7. Database Migrations
- Migrations run as a Cloud Run Job before traffic shifts to the new revision.
- Locking via PG advisory lock to avoid concurrent runs.
- Strict expand → backfill → contract per migration (MIGRATION_PLAN details the policy).
- Rollback path: every migration ships a paired
down.sqlreviewed at PR time, even if rarely used.
8. Networking & Ingress
- Ingress only via the platform's edge API Gateway (Cloud Run + Cloud Armor) on
https://api.melmastoon.ghasi.io/property/v1/*. - Internal RPC (sync) on
https://internal.property.melmastoon-prod.svc/, callable only from the BFF SAs andai-orchestrator-serviceSA. - WAF rules at Cloud Armor: standard OWASP top-10 ruleset + a tightened body-size cap (
10 MB) and per-IP rate limit (200 req/min unauthenticated, 600 req/min authenticated). - Pub/Sub uses Private Google Access; no traffic on the public Internet.

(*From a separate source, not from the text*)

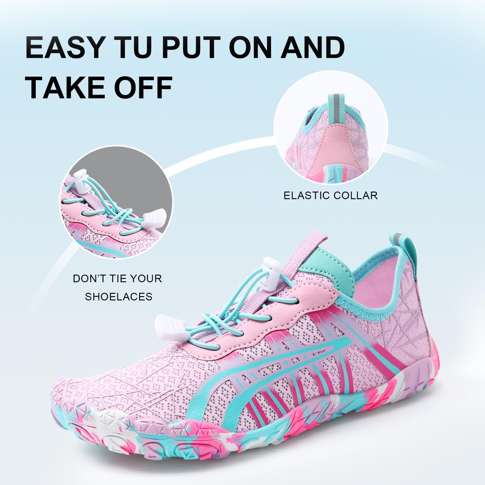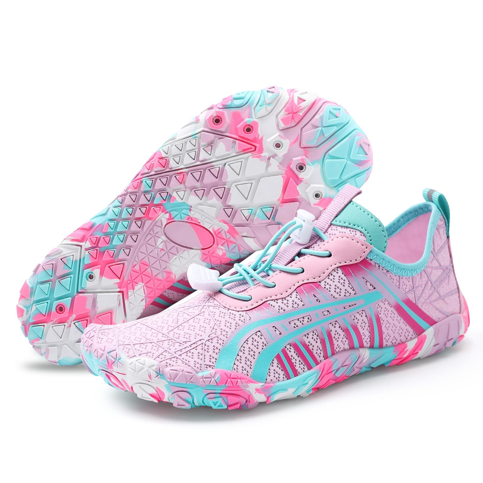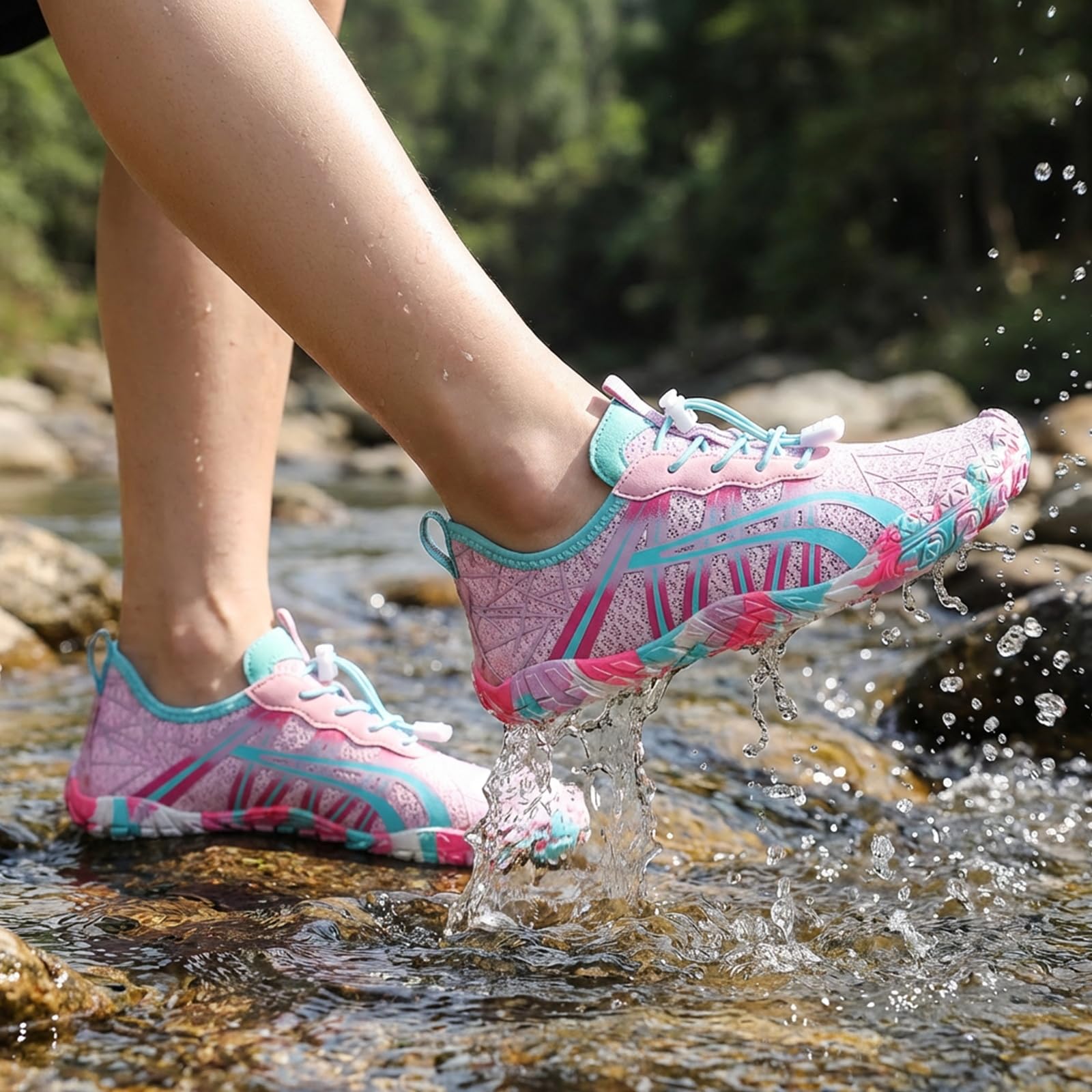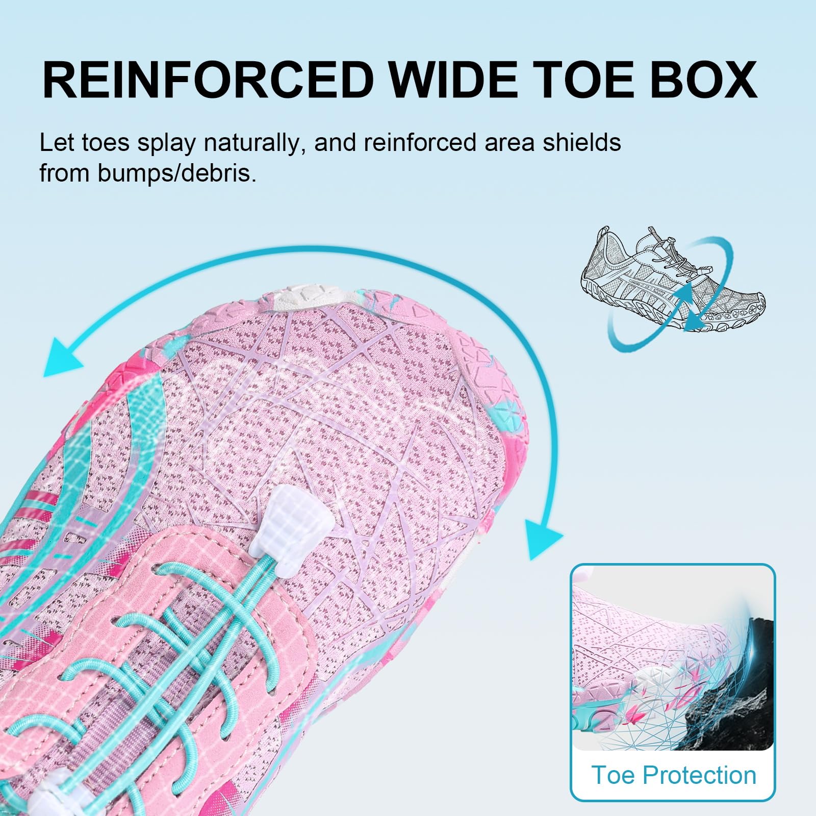 Wide Toe Box - Compared to the traditional trail running shoes, this women's barefoot shoe has a wider toe box design, which allows your toes to move and spread freely, promoting foot strength and flexibility. And this barefoot shoes has upgrade elastic drawstring allows you to quickly adjust the tightness of shoes and avoid the annoyance of tying your shoes.

9. Resource Limits & Autoscaling
- HPA via Cloud Run target concurrency = 80 with min/max set above.
- Memory headroom: peak observed 1.4 GiB on the photo fan-in path → 2 GiB cap applied there to absorb spikes.
- Cloud SQL: 4 vCPU / 16 GiB RAM in prod; HA enabled; PITR retention 7 days.
- Pub/Sub message retention: 7 days on dead-letter topics; default on hot topics.
- Memorystore: Standard tier, 5 GiB capacity, AUTH + TLS, persistence not required (cache is fully recoverable).
10. Disaster Recovery
| Scenario | RTO | RPO | Plan |
|---|---|---|---|
| Cloud Run regional outage | 5 min | 0 | Auto-failover via Cloud DNS to warm standby Cloud Run; Cloud SQL replica still serves reads |
| Cloud SQL primary failure | 5 min | 0 | Cloud SQL HA auto-failover |
| Cloud SQL region outage | 30 min | ≤ 5 min | Promote cross-region replica; runbook required |
| Pub/Sub regional outage | 0 (degraded) | 0 | Outbox absorbs the backlog; downstream catches up after recovery |
| Memorystore outage | 0 (degraded) | n/a | Cache misses fall through to Postgres; expect 2–3× read latency |
| Secret Manager outage | 5 min | 0 | Service holds last-good in memory; alert if refresh fails > 15 min |
DR drills run quarterly on the staging environment with the same topology; results recorded in runbooks/property/dr-drill-log.md.
Cross-references: SLOs and burn alerts in OBSERVABILITY; secret + IAM specifics in SECURITY_MODEL; failure scenarios in FAILURE_MODES.